Both Worldwide Global and Million Victories raised money this week, with the French Million Victories announcing a whopping $40M raise (in this economy!). Its title, Million Lords, was a highly innovative attempt at modernizing many 4x mechanics by removing base building entirely and centering the game around combat. It’s also a great exercise on how system design ultimately shapes player behavior.

In this case, the primary way to become more powerful was to level up, which required XP, which required combat. Other mechanics, like world map bounties, kept the bloodbath going. Another combat-focused mechanic was the ability to respond to enemy marches with a reinforcement that could only be deployed in the window of the march.

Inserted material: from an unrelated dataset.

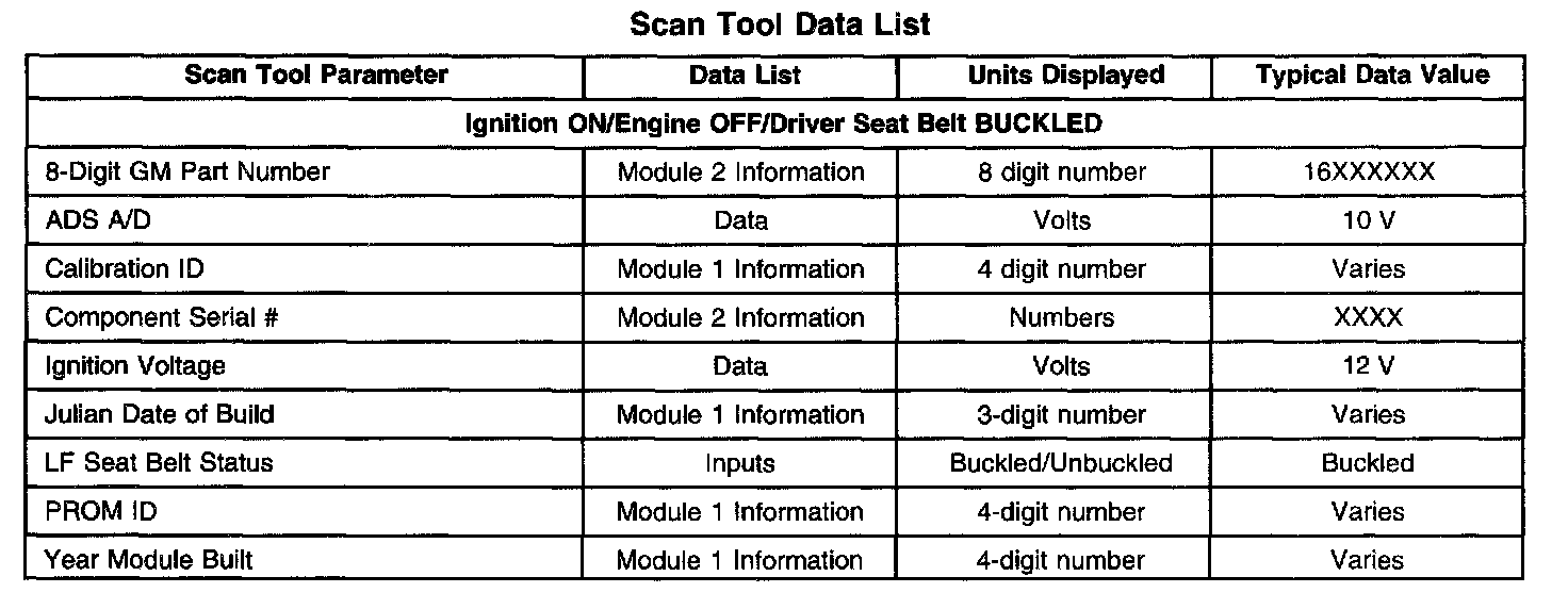 The SIR Scan Tool Data List contains all restraint system related parameters that are available on the scan tool. The parameters in the list are arranged in alphabetical order. The column "Data List," indicates the location of the parameter within the scan tool menu selections.
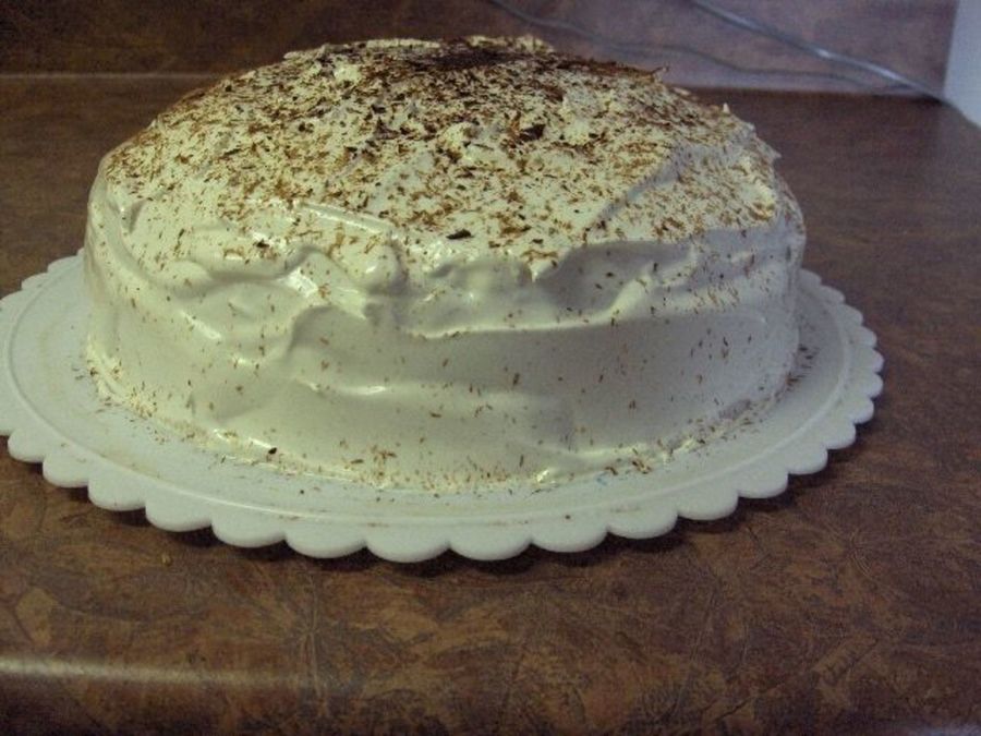 White cake with egg white whipped icing, very fluffy! On top is shaved dark chocolate.

The game explored strong (but now standard) 4x price points with content that other games are still hesitant to try, such as ALL Legendary Gold and Army items at $700+ points (web store).

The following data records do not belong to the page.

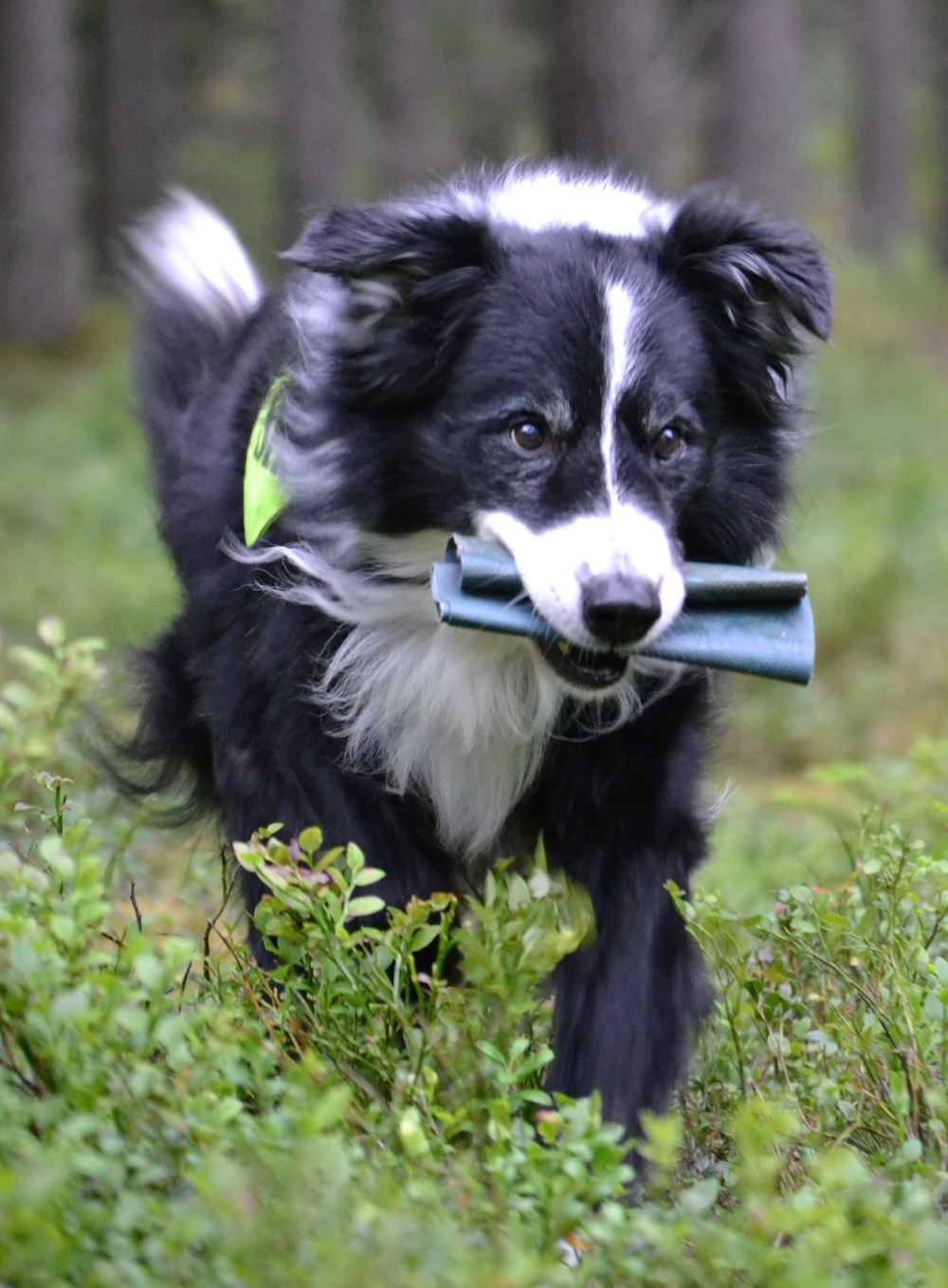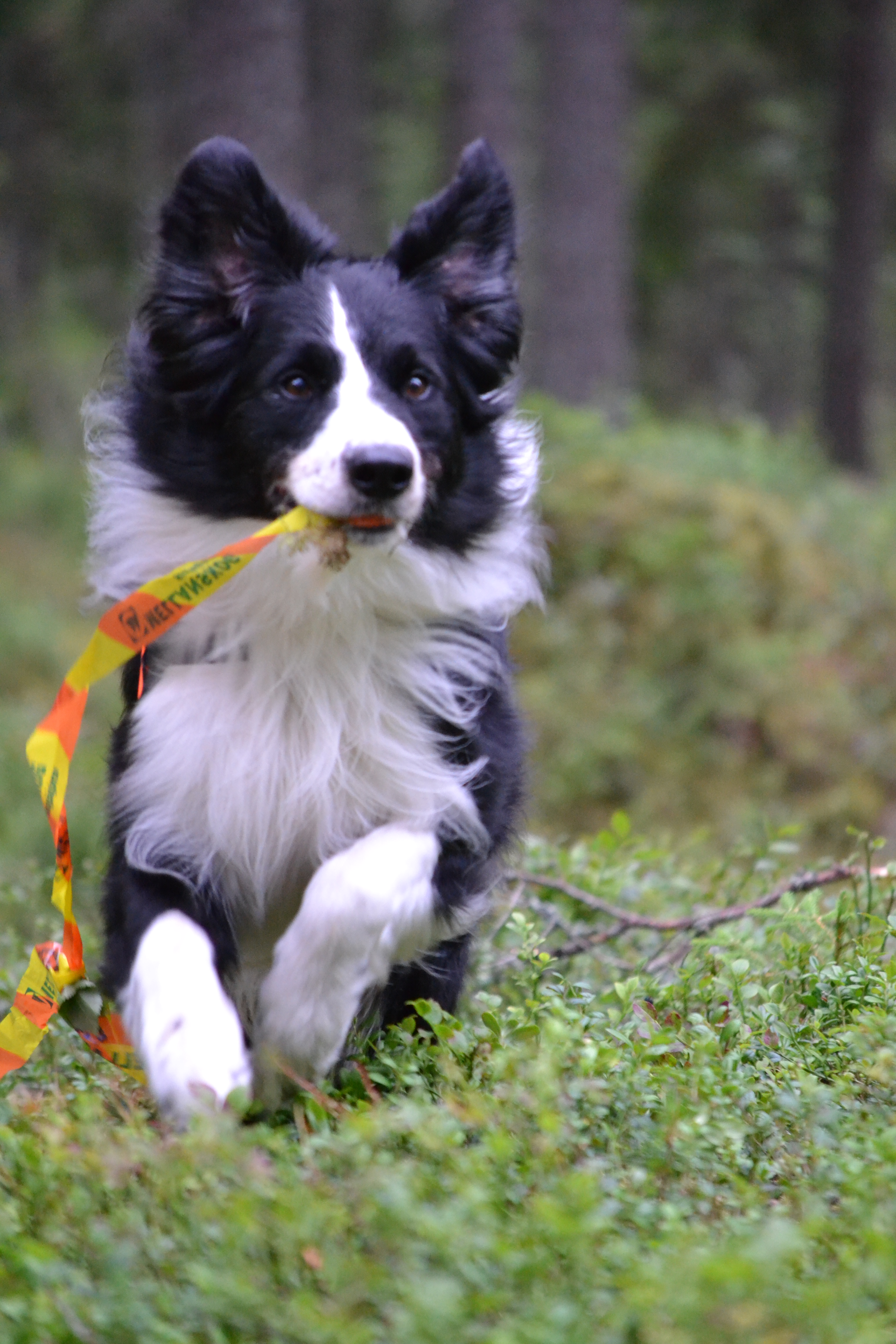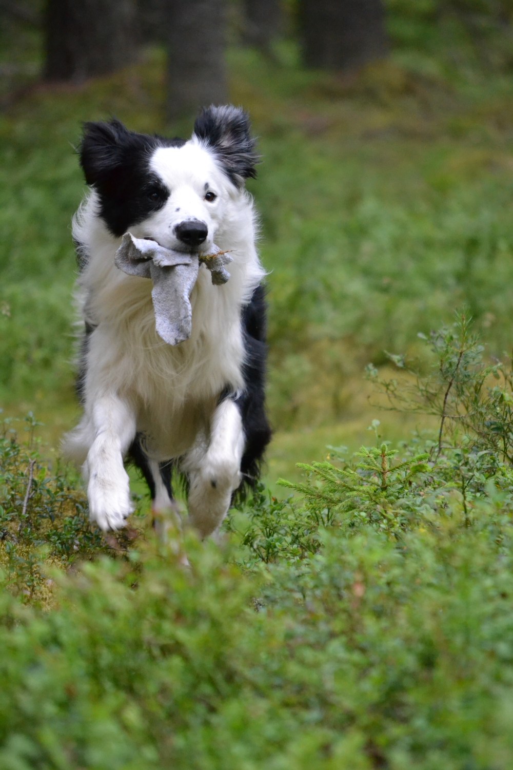 I söndags styrde vi bilen mot Västerfärnebo för att hälsa på Dick och Mayvor och träna lite hund ihop med dem. Och tränat fick vi! Uppletande med mycket gömda föremål i blåbärsris var svårt för pojkarna, men de lärde sig snabbt faktiskt. Sen blev det lydnadsträning och Tvebak fick ligga en plats med två BC-damer, varav den ena löpte! Han låg som klistrad i backen i 4 minuter! Kanske för att Martina plötsligt dök upp från skogen bakom honom efter en minut, vilken chock för stackars Tvebak som nu lärt sig att Martina inte tycker om när han kliar skägget eller för den sakens skull, kliar hela ryggen på platsliggningen. Sen att Martina denna gången bara skulle gå och ge godis till den löpande BC-tiken, det visste ju inte Tvebak.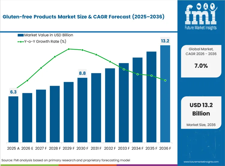 According to analysis by Future Market Insights (FMI), the gluten-free products market was valued at USD 6.3 billion in 2025. It is projected to reach USD 6.7 billion in 2026 and climb to USD 13.2 billion by 2036, reflecting a steady 7.0% CAGR over the forecast period.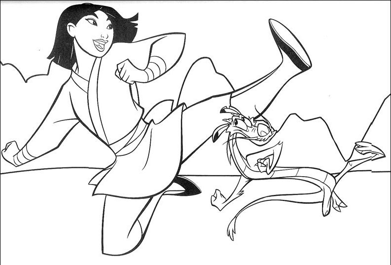 Descriere: Coloreaza plansa cu cu Mulan la antrenamente.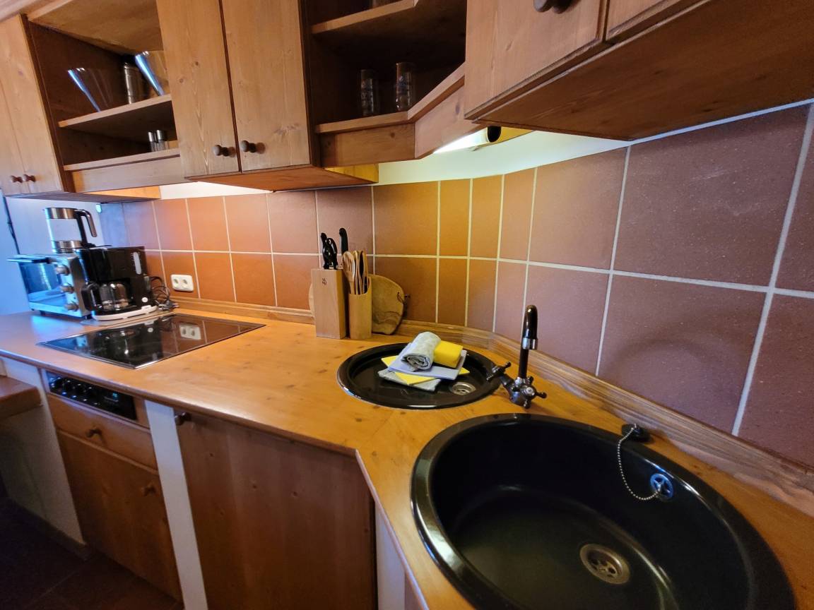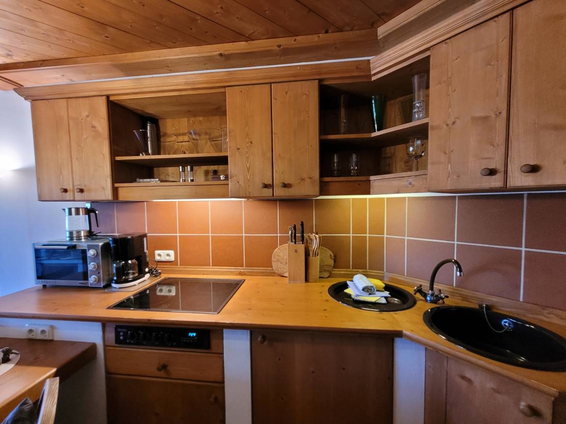 Zum Appartement gehört eine gut ausgestattete Küche mit einem Kühlschrank, einem Kochfeld und einer Mikrowelle.

For its part, Kingdom Maker, which was published by Scopely and developed by Global Worldwide, reintroduced sex into 4X (also some humor). Why can’t you create dynasties? It was a fascinating game thesis that lent itself to a literal game title.

However, the mobile market runs on highly observable and reactive margins. With marketing now consuming 50% of budgets, the gains from optimization are literally halved, while surprisingly, content innovation is also less. Both of these games had some fascinating ideas, but ultimately, if you don’t have a way to connect that to genre economics, it’s hard to scale.